Task prompt — Set down exactly the lines running from the one with "Ďakujem všetkým Vás, ktorí" to the last line of the listing below, both included, and skip every picture.

Given data —
[Start of Attachment]

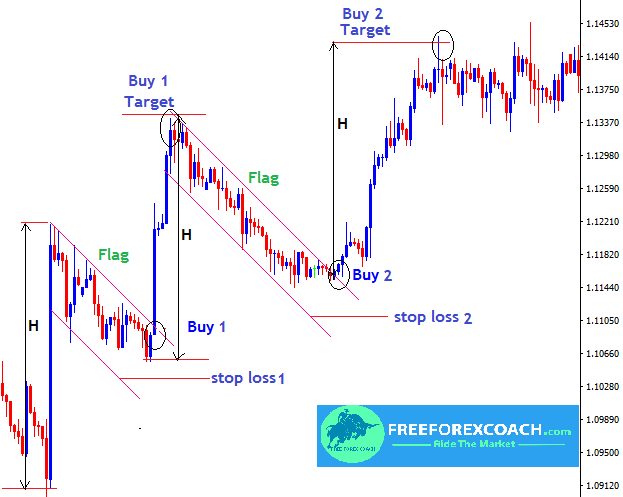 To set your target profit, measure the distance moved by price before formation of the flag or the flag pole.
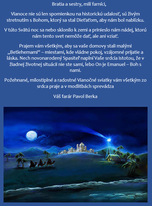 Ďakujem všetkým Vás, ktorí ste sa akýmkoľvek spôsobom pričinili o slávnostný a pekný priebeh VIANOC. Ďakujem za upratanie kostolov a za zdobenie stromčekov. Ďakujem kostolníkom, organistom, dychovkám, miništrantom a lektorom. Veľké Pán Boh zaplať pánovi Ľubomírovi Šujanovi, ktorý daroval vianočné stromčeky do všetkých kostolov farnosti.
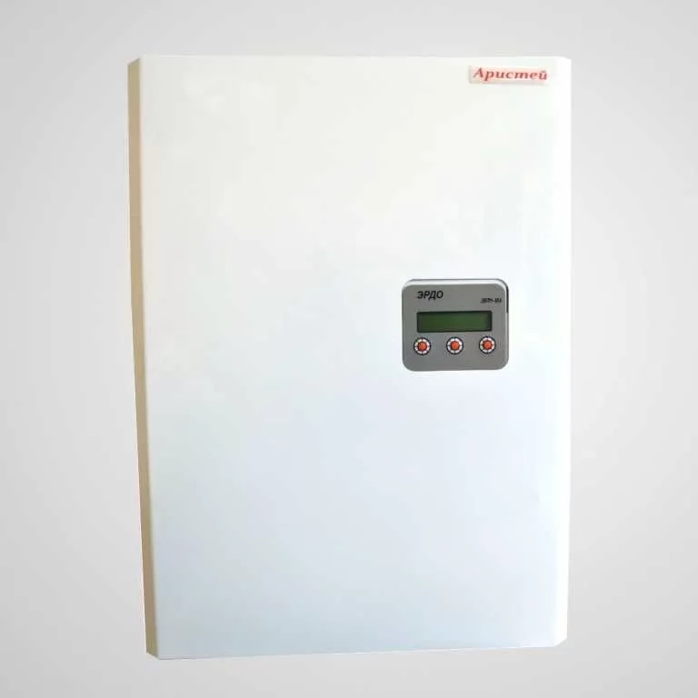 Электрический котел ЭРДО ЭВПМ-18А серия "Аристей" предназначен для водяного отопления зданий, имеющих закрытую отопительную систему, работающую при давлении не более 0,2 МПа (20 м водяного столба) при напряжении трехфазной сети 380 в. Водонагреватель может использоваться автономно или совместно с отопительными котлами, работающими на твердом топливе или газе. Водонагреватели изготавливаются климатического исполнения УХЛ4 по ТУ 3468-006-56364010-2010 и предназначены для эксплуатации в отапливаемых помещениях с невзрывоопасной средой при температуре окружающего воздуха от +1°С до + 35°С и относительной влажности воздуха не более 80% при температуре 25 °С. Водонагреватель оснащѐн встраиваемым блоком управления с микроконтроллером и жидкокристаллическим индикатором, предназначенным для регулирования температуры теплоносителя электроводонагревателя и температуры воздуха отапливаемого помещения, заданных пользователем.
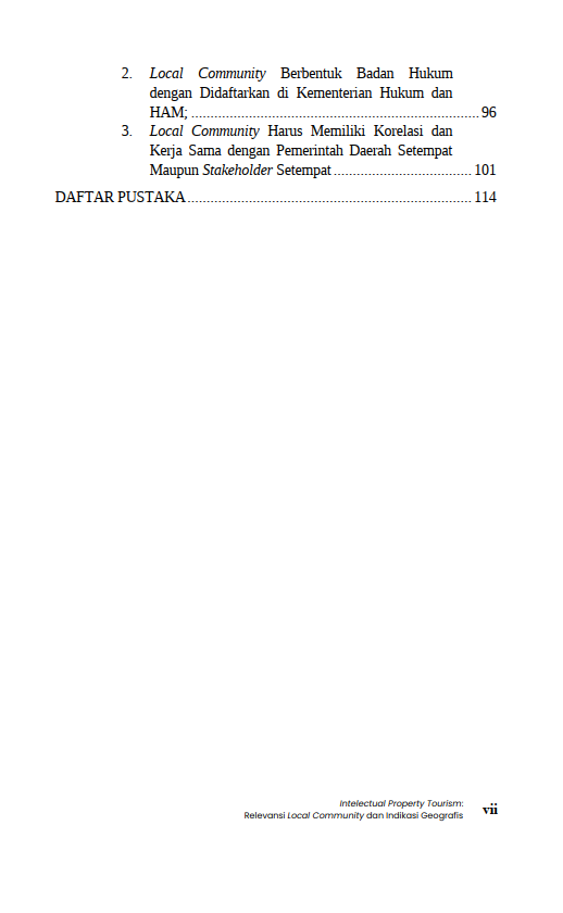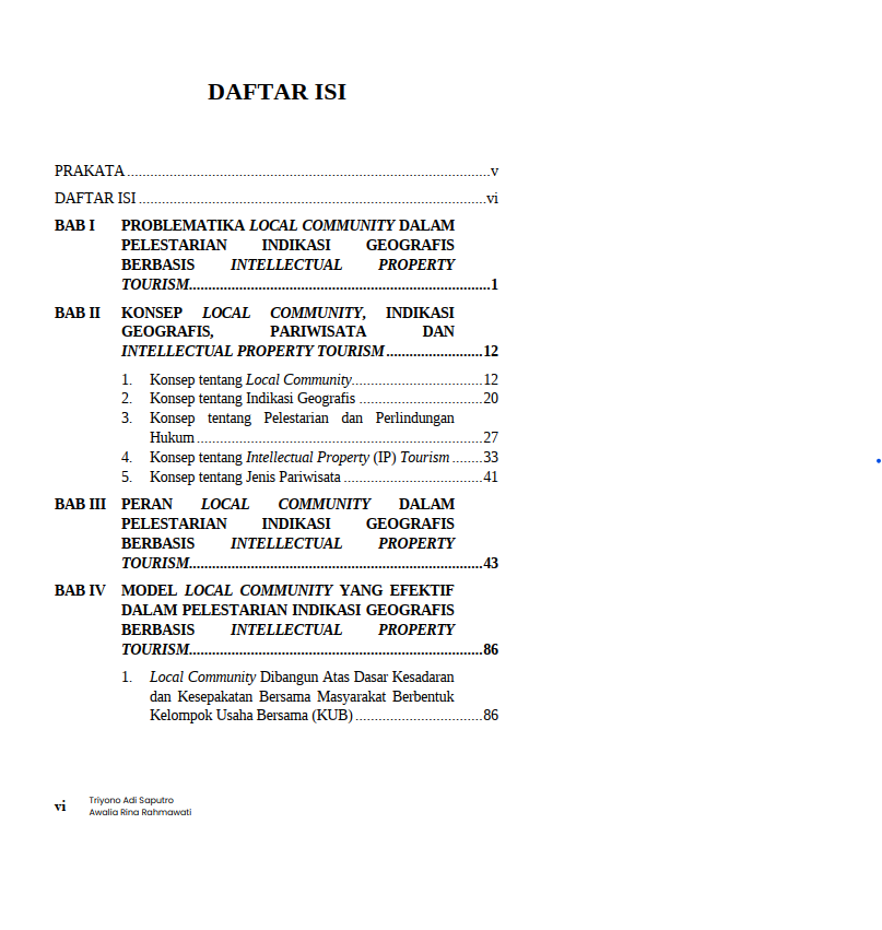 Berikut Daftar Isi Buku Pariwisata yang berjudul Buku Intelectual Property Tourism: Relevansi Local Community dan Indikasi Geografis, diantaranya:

[End of Attachment]

Worked solution —
 Ďakujem všetkým Vás, ktorí ste sa akýmkoľvek spôsobom pričinili o slávnostný a pekný priebeh VIANOC. Ďakujem za upratanie kostolov a za zdobenie stromčekov. Ďakujem kostolníkom, organistom, dychovkám, miništrantom a lektorom. Veľké Pán Boh zaplať pánovi Ľubomírovi Šujanovi, ktorý daroval vianočné stromčeky do všetkých kostolov farnosti.
 Электрический котел ЭРДО ЭВПМ-18А серия "Аристей" предназначен для водяного отопления зданий, имеющих закрытую отопительную систему, работающую при давлении не более 0,2 МПа (20 м водяного столба) при напряжении трехфазной сети 380 в. Водонагреватель может использоваться автономно или совместно с отопительными котлами, работающими на твердом топливе или газе. Водонагреватели изготавливаются климатического исполнения УХЛ4 по ТУ 3468-006-56364010-2010 и предназначены для эксплуатации в отапливаемых помещениях с невзрывоопасной средой при температуре окружающего воздуха от +1°С до + 35°С и относительной влажности воздуха не более 80% при температуре 25 °С. Водонагреватель оснащѐн встраиваемым блоком управления с микроконтроллером и жидкокристаллическим индикатором, предназначенным для регулирования температуры теплоносителя электроводонагревателя и температуры воздуха отапливаемого помещения, заданных пользователем.
 Berikut Daftar Isi Buku Pariwisata yang berjudul Buku Intelectual Property Tourism: Relevansi Local Community dan Indikasi Geografis, diantaranya:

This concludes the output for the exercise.